Your dashboard says everything is fine, but your logs disagree. The query response times on your Azure SQL Database spike in bursts, and you’re guessing at root causes. Prometheus looks like the obvious fix, but wiring it into Azure SQL monitoring feels mysterious. It shouldn’t be.
Azure SQL manages relational data at scale with Azure’s built‑in performance layers. Prometheus, on the other hand, excels at metric scraping, retention, and alerting. Together they turn database telemetry into real observability: slow queries, connection counts, wait stats, all tracked with consistent labels and time series you can trust.
The integration is straightforward once you understand the flow.

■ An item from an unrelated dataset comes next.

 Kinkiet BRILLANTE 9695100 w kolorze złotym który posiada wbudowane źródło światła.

You run a lightweight exporter that exposes SQL performance counters through an HTTP endpoint. Prometheus scrapes those metrics on schedule, stores them, and powers tools like Grafana for visualization. The magic lies not in the exporter itself but in how you design ownership, permissions, and alert thresholds so your telemetry remains high signal and low noise.

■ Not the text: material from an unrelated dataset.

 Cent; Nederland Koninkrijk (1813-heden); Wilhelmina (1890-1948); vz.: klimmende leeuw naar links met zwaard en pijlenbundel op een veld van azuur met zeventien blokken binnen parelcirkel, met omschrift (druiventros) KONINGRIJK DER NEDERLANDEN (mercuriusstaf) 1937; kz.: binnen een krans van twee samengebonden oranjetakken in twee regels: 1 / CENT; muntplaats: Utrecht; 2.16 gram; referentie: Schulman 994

Use managed identities from Azure AD instead of static credentials. Map them to least‑privilege roles in SQL. This keeps access secure while allowing automated scraping agents to authenticate cleanly. Prometheus does not need to see data rows, only metadata about performance. Think of it as a meter reader, not a database user.
Quick answer: To connect Azure SQL and Prometheus, deploy an Azure SQL exporter, grant it a monitored identity with VIEW SERVER STATE, and configure Prometheus to scrape the exporter’s HTTP endpoint. That’s all you need to start graphing your query performance metrics in Grafana within minutes.